这韩千同八成是关系户,朝廷没人,凭他还坐不稳征夷将军的位置。
另外,两个老头,其中丰台郡太守季深,老家都要被端了,竟然还跑到这里来迎接他。
该说他忠心,还是说他玩忽职守。
胡鲤却没叫这些人起来,火辣辣的太阳打在众人身上,生疼!
加上他们穿着厚厚的官服,不一会儿便汗如雨下。
胡鲤也很热,好在他获得了《控水诀》,在他的操控下,一股股水汽在他周身萦绕不绝,带走了身体里的热气,总体而言,他的日子可比这些人可强多了。
胡鲤瞥了眼丰台郡太守季深,“季大人,听说丰台郡有乱民造反,可是真?”
丰台太守季深忙抬头回道:“禀殿下,确有此事,臣来此正是为了向将军府求援而来。”
“哦?这样啊,韩将军可安排好了援兵?”胡鲤转头询问韩千同。
韩千同擦了擦脸上的汗水。
好家伙,韩千同的胖脸全是汗水,说是被人浇了一盆水都有人相信。
“禀殿下,援军已经安排了,过几日就准备开拔!”
“几日?”
“禀殿下,就在这几天!”
“几天?”
韩千同知道了,殿下这是让他把时间确定下来。
好在他早有准备,尤其是兵丁,他早招了一些泼皮混混充做兵丁,正好填补上吃空饷的份额。
“禀殿下,粮草齐备,三日就可出发!”
“何人为主将?”
“禀殿下,臣之副将,张也可为主将!”
胡鲤摇了摇头,“本王以为将军可为主将!”
韩千同胖脸上的汗水就更多了,“臣要守卫先登府,恐不能为将。”
胡鲤哈哈大笑,“先登府自有我带来的三百勇士守卫,将军自可放心平叛。”
韩千同低头不语,只不断擦拭着愈来愈多的汗水。
先登太守宁学益忙道:“禀殿下,殿下带来的将士固然悍勇,可先登府背靠大海,时常有海盗来袭,海盗神出鬼没,三百将士恐怕不足以守住先登府,臣建议……”
胡鲤打断道:“老大人,你说多少人能守住先登府?”
先登太守宁学益眨了眨眼,浑浊的眸子陷入了迷茫。
他又不知兵事怎么可能知道多少人能守住先登府,更何况这个问题根本没法答,一千人,五千人?
万一真有海盗来袭,五千人没能守住,这算谁的。
好在宁学益这么多年官也不是白当的,他坚持道:“只要有韩将军在,先登府必在,韩将军若走,先登府恐有失,还望殿下三思。”
胡鲤笑了,“本王担保先登府不失,可否?”
宁学益还是拜道:“此等大事,关乎全岛百姓的安危,殿下不可有意气之争。殿下,三思啊!”

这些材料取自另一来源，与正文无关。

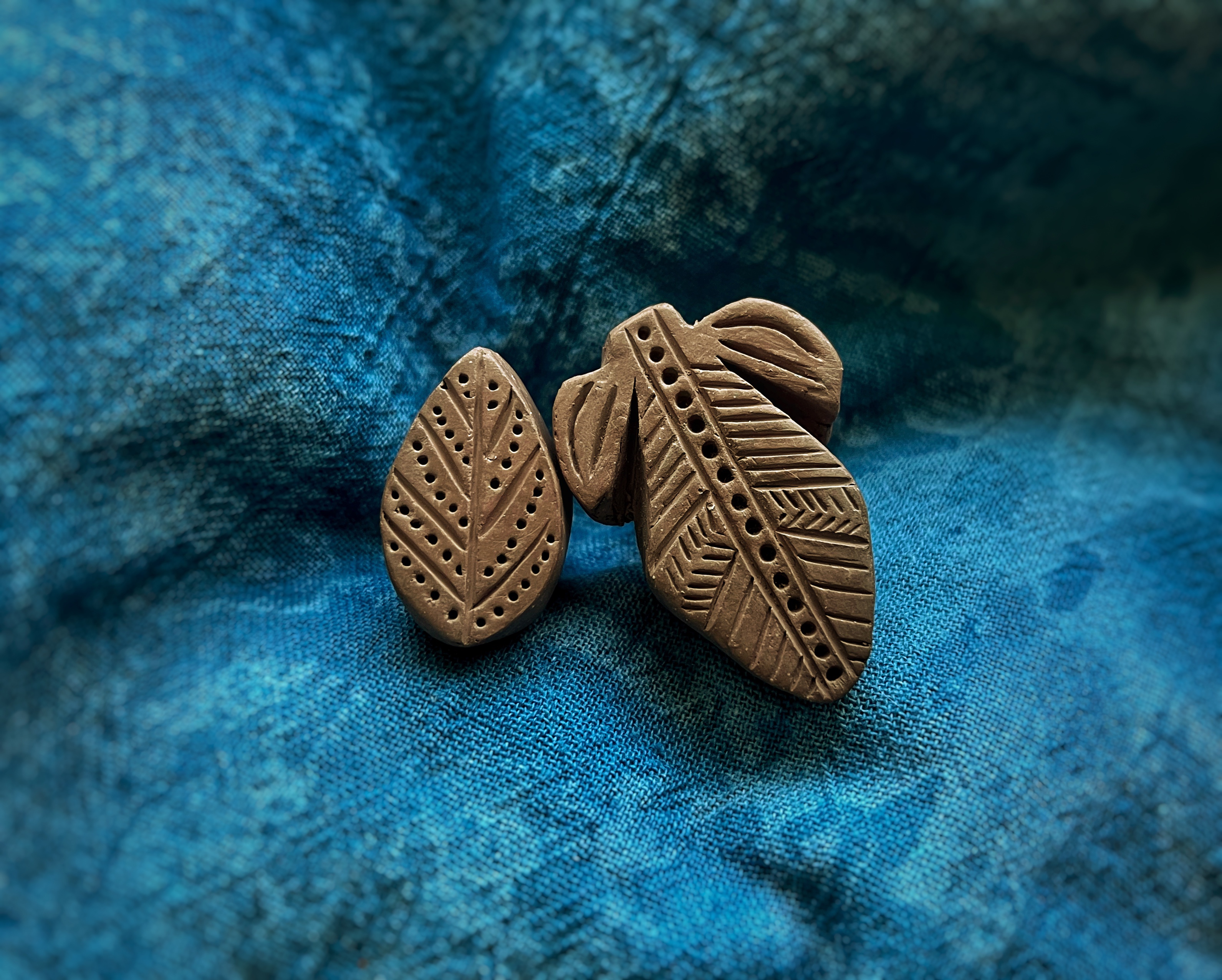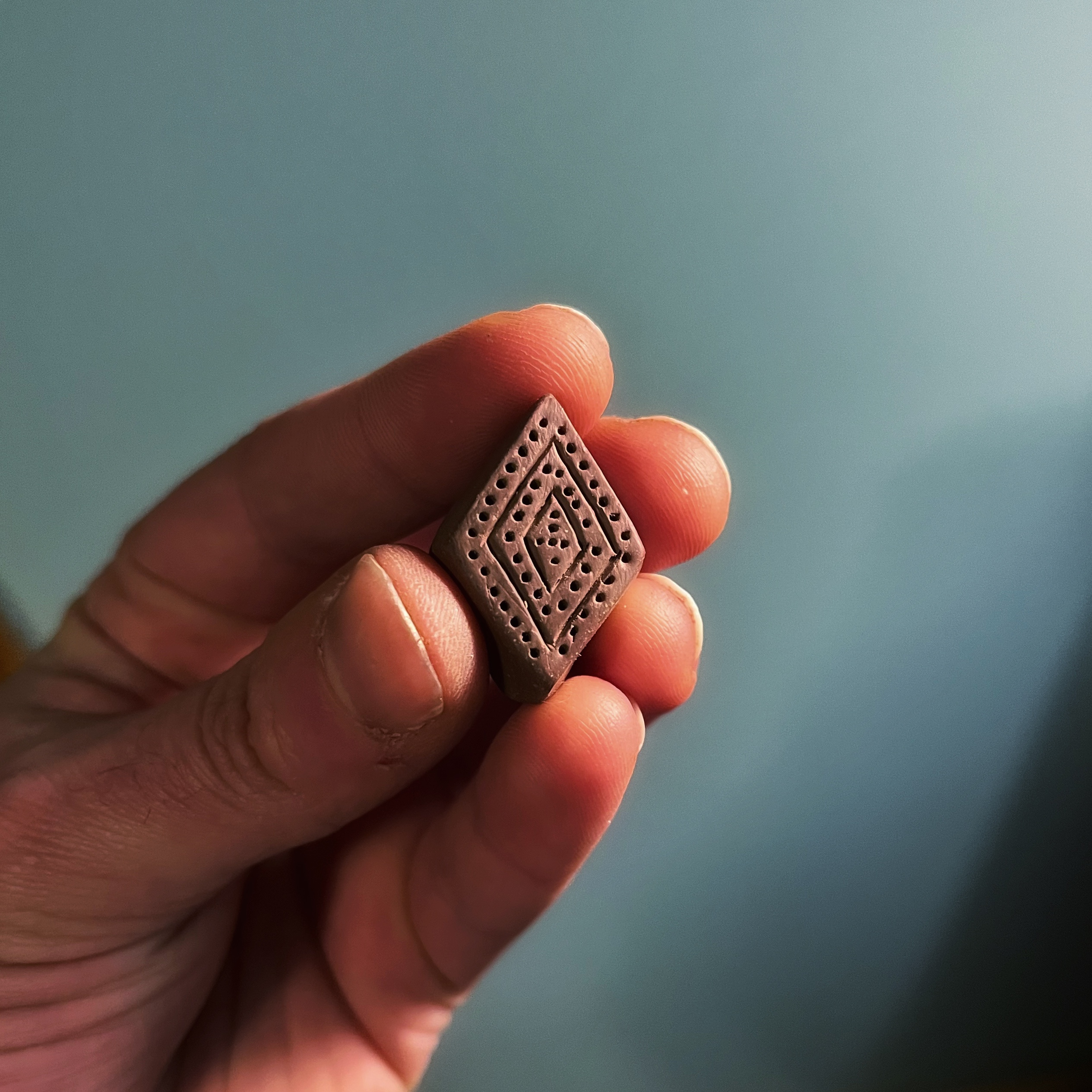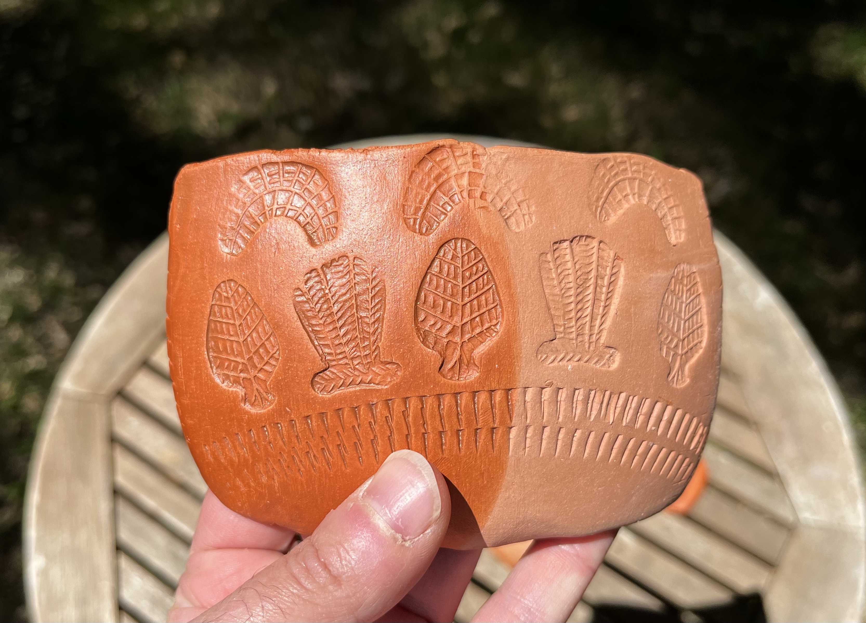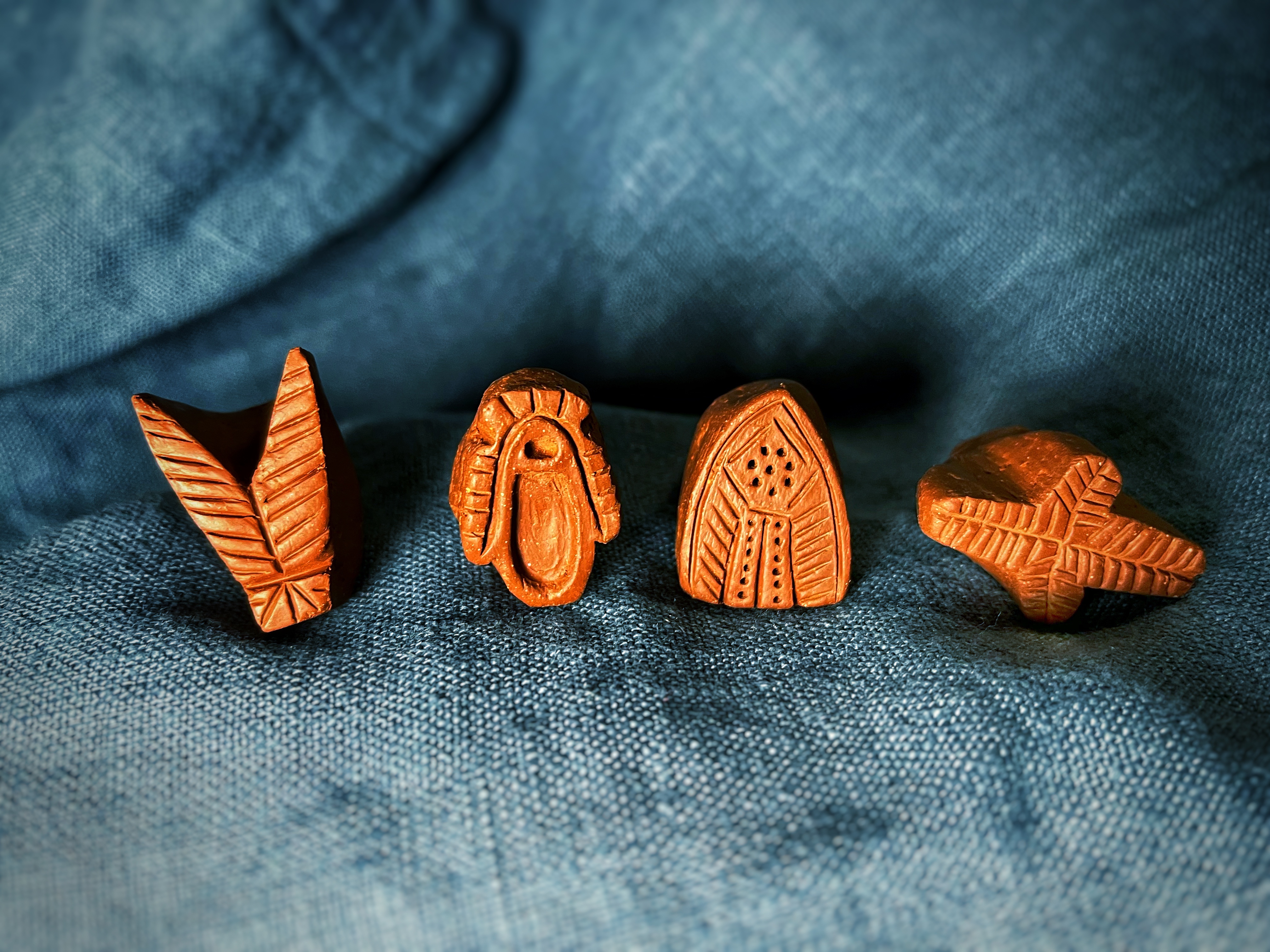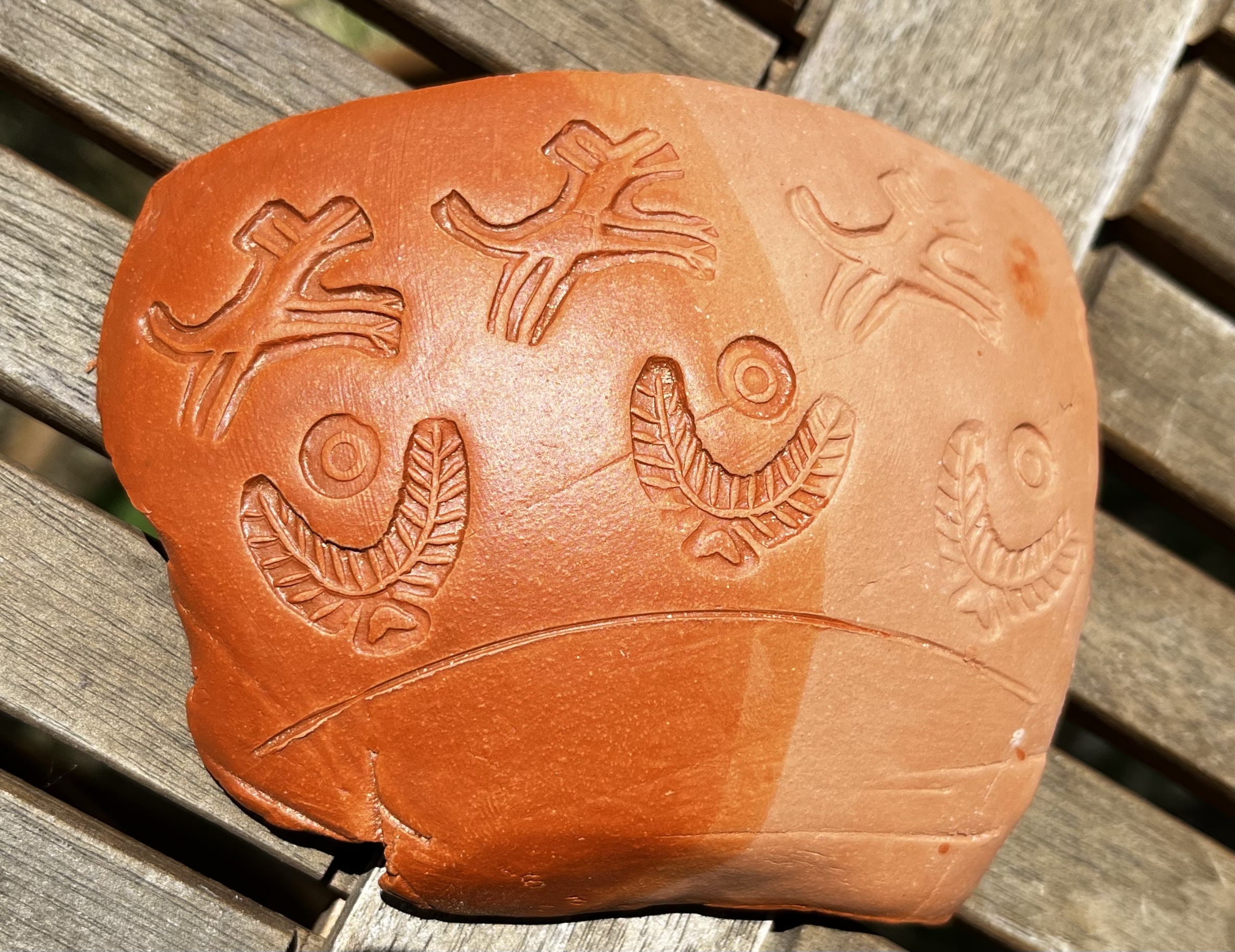 There are multiple surviving examples of the stamp dies themselves (see below). These are generally of unglazed earthenware and have the design carved into one end with a short handle formed at the other end. I make mine by forming the rough shape from wet clay, then waiting for it to partially dry to a “leather-hard” consistency before carving the end into shape with a small knife and using pointed bone and metal tools to cut or impress the details.

一百来位文武官员齐齐附和:“此等大事,关乎全岛百姓的安危,殿下不可有意气之争。臣等请殿下三思!”
胡鲤乐了,气乐了,他直接道:“诸位无需多言,这件事就这么定了,难不成你们想违抗命令?”
季深道:“臣等不敢,只是此事关系全岛军民安危,还请殿下三思!”
有丰台太守季深起头,其他人也忙道:“臣等不敢,此事关系全岛军民安危,还请殿下三思!”
这些家伙一起反对,气势倒非常大,这不,云舒就被吓到了,她满脸焦急的看着胡鲤,心里暗自为胡鲤担心,就连徐粲都变了脸色。
躲在护卫后面的彭曦山则露出一副幸灾乐祸的表情,“叫你不重视本大才,现在好了,政令遭到了全岛上下的抵制,再这样下去,政令都出不了王府,看你怎么办?”
胡鲤并不搭理这些文官,他转头笑眯眯问韩千同:“韩大人可要抗命!”
胡鲤拿文官没办法!因为文官历来优待就比较多,反对政令,阳奉阴违常有发生。
但军队这种事就不允许发生,真这样搞,军权就不属于皇室了,大周帝国的天恐怕都变了,性质可就完全不一样了。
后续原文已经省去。